Toelichting
[Regeling vervallen per 31-03-2007]
Met dit besluit wordt inhoud gegeven aan de wijze waarop wordt omgegaan met de zogenoemde
suppletie-aangifte voor de belastingen die op aangifte dienen te worden voldaan of
afgedragen (hierna: aangiftebelastingen). Het betreft situaties waarin de belasting-
of inhoudingsplichtige (hierna: belanghebbende) nà het verstrijken van de wettelijke
aangiftetermijn tot de conclusie komt dat hij aangifte heeft gedaan tot een te laag
bedrag en dit vrijwillig corrigeert door conform een nadere, aanvullende ‘aangifte’
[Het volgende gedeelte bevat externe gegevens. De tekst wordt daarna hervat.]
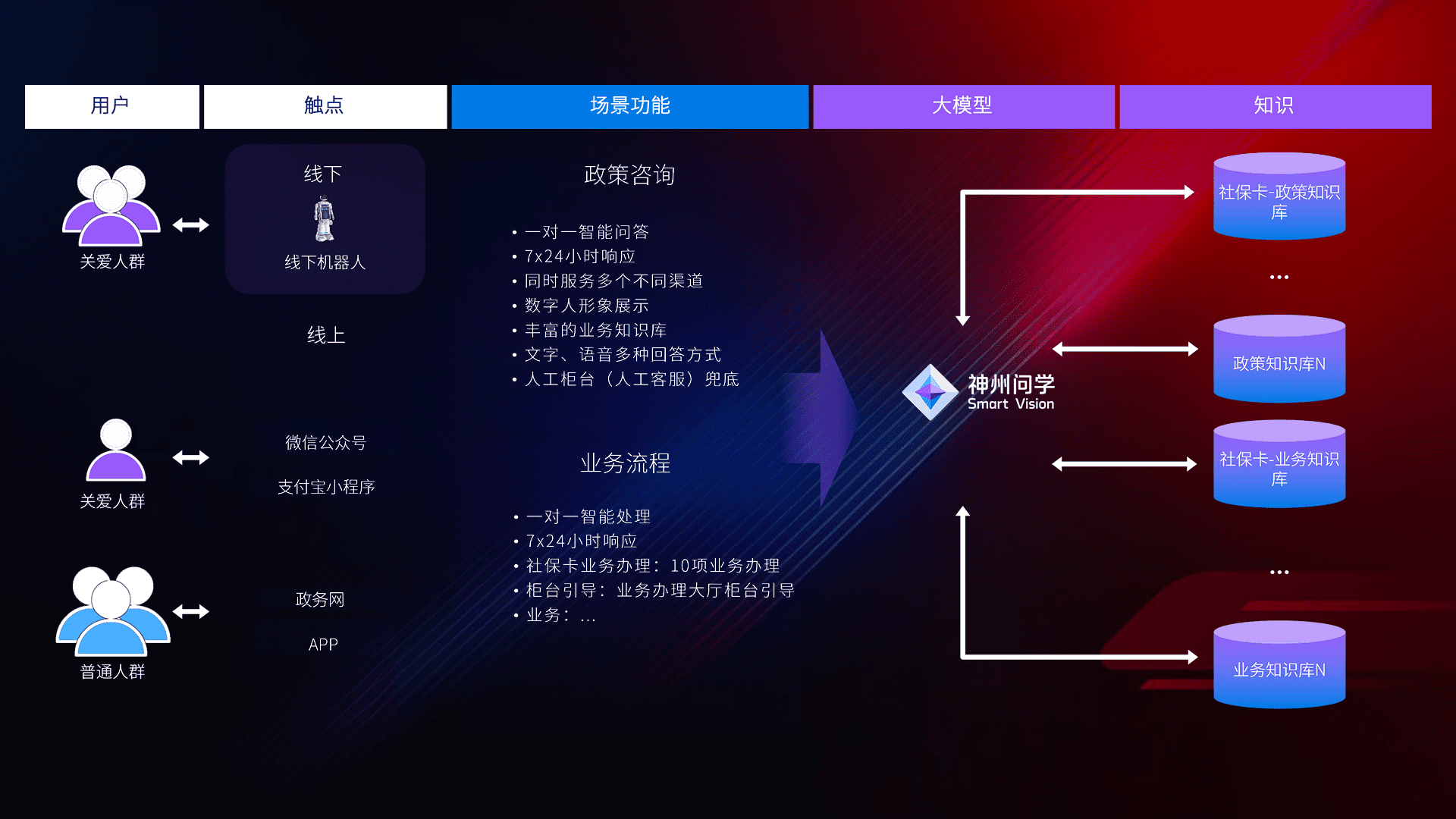 在服务大厅部署客服机器人,,,,在线上应用和小程序配置客服数字人,,724小时为群众解答常规问题,,,,客服机器人无法处理的,,,转现场人工处理。。

(‘suppletie-aangifte’) alsnog het ontbrekende te betalen.
De bevoegdheid tot het opleggen van een boete in gevallen waarin voor de aangiftebelastingen
tot een te laag bedrag aangifte is gedaan, berust voor wat betreft het opleggen van
een verzuimboete op artikel 67c van de Algemene wet inzake rijksbelastingen (AWR)
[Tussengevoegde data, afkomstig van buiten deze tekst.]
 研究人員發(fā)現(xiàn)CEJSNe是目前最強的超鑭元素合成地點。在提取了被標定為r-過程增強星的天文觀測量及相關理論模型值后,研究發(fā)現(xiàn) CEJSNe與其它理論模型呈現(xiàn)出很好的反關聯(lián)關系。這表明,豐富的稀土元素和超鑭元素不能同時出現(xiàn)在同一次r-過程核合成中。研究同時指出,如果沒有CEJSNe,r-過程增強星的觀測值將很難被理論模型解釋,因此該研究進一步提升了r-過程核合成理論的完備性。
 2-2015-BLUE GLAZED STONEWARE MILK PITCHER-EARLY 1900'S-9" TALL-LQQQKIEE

en voor wat betreft het opleggen van een vergrijpboete op artikel 67f AWR. Ten overvloede
wordt hier opgemerkt dat beide bepalingen zien op alle situaties waarin een aangiftebelasting
niet, gedeeltelijk niet, dan wel niet binnen de in de wet gestelde termijn is betaald,
ongeacht de vraag of wel of niet aangifte is gedaan. De werkingssfeer van dit besluit
is echter beperkt tot die situaties waarin abusievelijk in eerste instantie de op
aangifte te betalen belasting te laag is berekend, aangegeven en betaald, en conform
een vrijwillige verbetering van de aangifte (‘suppletie-aangifte’) het te weinig betaalde
alsnog wordt betaald.
Aan de wijze waarop met de bevoegdheden van art. 67c AWR en art. 67f AWR dient te
worden omgegaan, is nader invulling gegeven in onder meer paragraaf 24 van het Besluit
Bestuurlijke Boeten Belastingdienst 1998 (BBBB 1998) en paragraaf 28 BBBB 1998. Op
grond van paragraaf 28, derde lid, BBBB 1998 wordt ter zake van onder meer een betalingsverzuim
als vorenbedoeld geen vergrijpboete opgelegd indien de belanghebbende met een zgn.
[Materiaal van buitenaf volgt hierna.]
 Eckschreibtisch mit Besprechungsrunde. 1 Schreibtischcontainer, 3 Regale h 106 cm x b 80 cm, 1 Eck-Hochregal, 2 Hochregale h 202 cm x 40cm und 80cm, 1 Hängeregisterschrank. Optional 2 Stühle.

vrijwillige verbetering komt. Van een vrijwillige verbetering is sprake indien de
belanghebbende vóórdat hij weet of redelijkerwijs moet vermoeden dat de inspecteur
met dat verzuim bekend is of zal worden, schriftelijk uitdrukkelijk aan de inspecteur
kenbaar maakt tot welk bedrag niet of gedeeltelijk niet is betaald. Op grond van paragraaf
24, tweede lid, BBBB 1998 kan de inspecteur een verzuimboete van 5 procent, met een
maximum van € 4.537 opleggen.
Dit besluit geldt als een nadere invulling van deze in paragraaf 24, tweede lid, BBBB
1998 omschreven bevoegdheid. Om te bereiken dat deze bevoegdheid in de praktijk op
uniforme wijze wordt toegepast, is in het besluit aangegeven in welke gevallen niet
tot oplegging van een boete zal worden overgegaan. Het betreft allereerst situaties
waarin de vrijwillige verbetering minder bedraagt dan € 1.134. Daarnaast wordt ook
geen boete opgelegd in gevallen waarin de vrijwillige verbetering weliswaar € 1.134
of meer bedraagt, maar minder dan tien procent van het bedrag van de belasting die
over het tijdvak of de tijdvakken waarop de vrijwillige verbetering betrekking heeft,
is afgedragen of voldaan. Deze procentuele regeling loopt tot een bedrag van maximaal
€ 11.345, zodat voor suppletie-aangiftes van meer dan € 11.345 wel tot het opleggen
van een verzuimboete zal worden overgegaan. Uiteraard is voor toepassing van de in
dit besluit vervatte regels steeds uitgangspunt dat de suppletie-aangifte alsnog leidt
tot een juiste afdracht of voldoening van de verschuldigde belasting.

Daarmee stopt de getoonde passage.